(TASK)
Please give back each line of the material unchanged, but without the images.

(DATA EXTRACT)
============

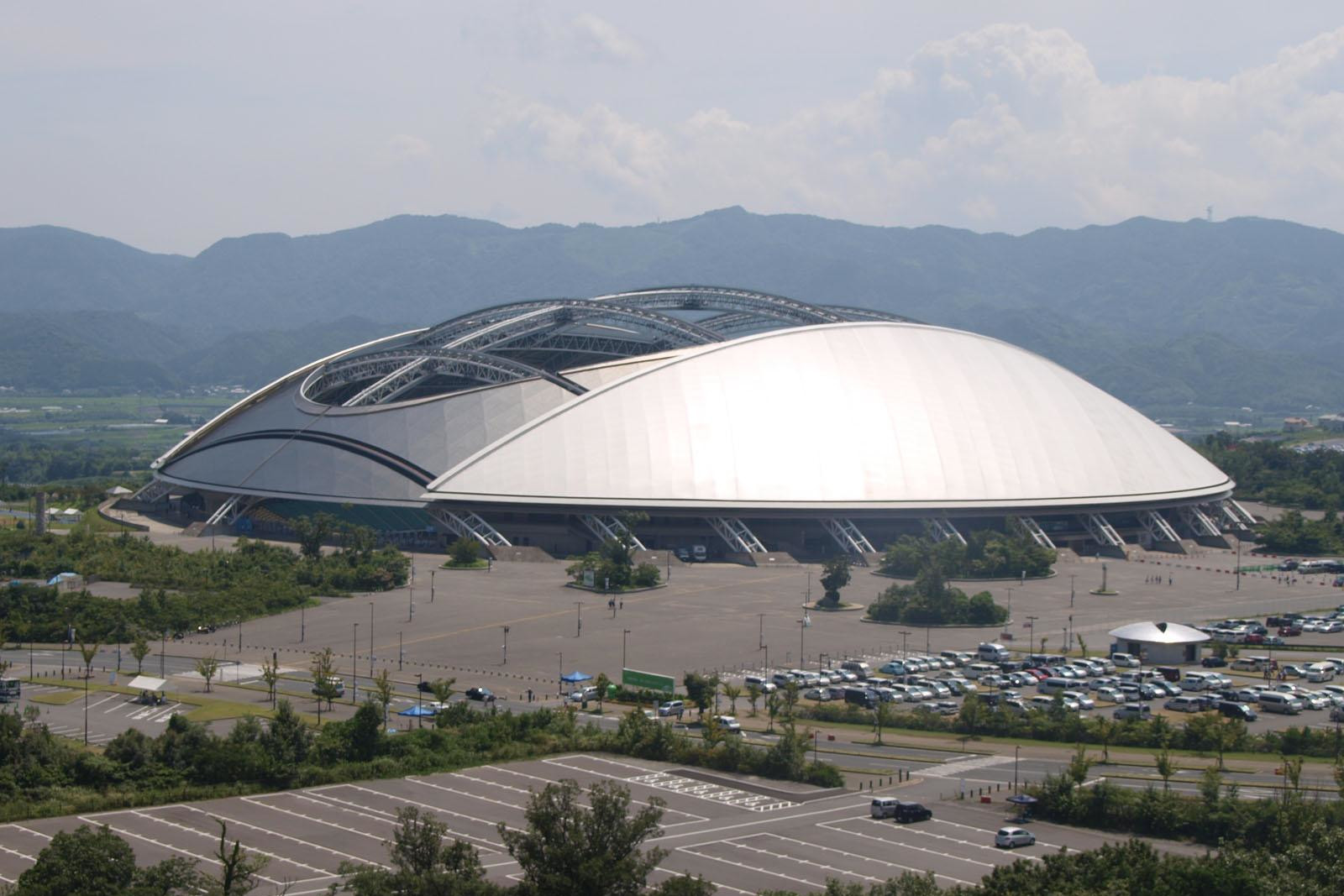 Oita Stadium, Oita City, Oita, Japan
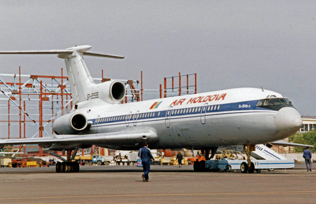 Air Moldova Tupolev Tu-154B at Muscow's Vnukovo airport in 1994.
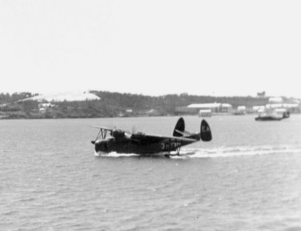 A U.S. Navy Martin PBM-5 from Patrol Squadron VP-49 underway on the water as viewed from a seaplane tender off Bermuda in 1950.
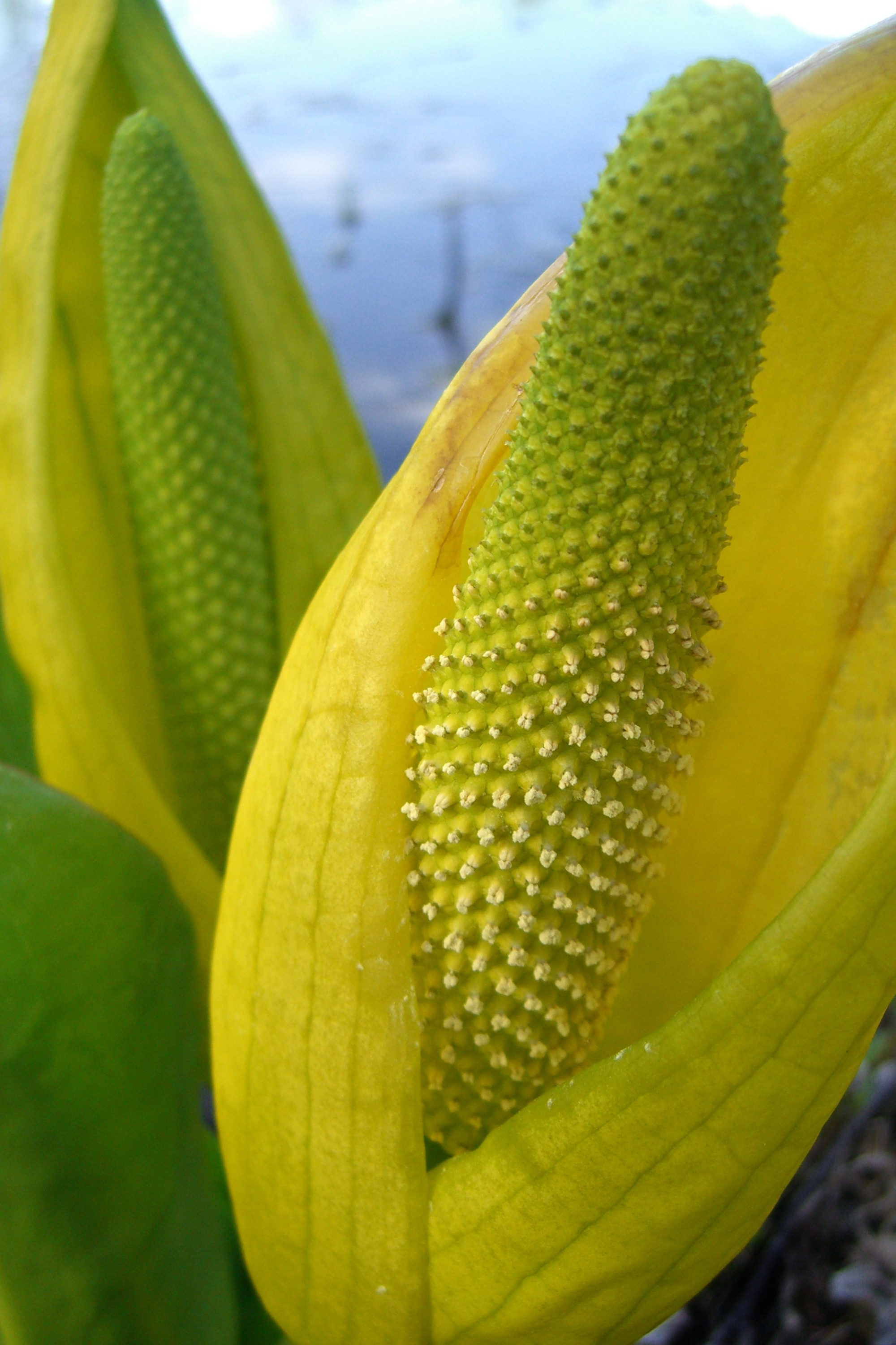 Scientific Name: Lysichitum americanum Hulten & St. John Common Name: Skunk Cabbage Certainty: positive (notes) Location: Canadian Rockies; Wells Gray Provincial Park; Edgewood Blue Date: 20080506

============

(TASK ANSWER)
 Oita Stadium, Oita City, Oita, Japan
 Air Moldova Tupolev Tu-154B at Muscow's Vnukovo airport in 1994.
 A U.S. Navy Martin PBM-5 from Patrol Squadron VP-49 underway on the water as viewed from a seaplane tender off Bermuda in 1950.
 Scientific Name: Lysichitum americanum Hulten & St. John Common Name: Skunk Cabbage Certainty: positive (notes) Location: Canadian Rockies; Wells Gray Provincial Park; Edgewood Blue Date: 20080506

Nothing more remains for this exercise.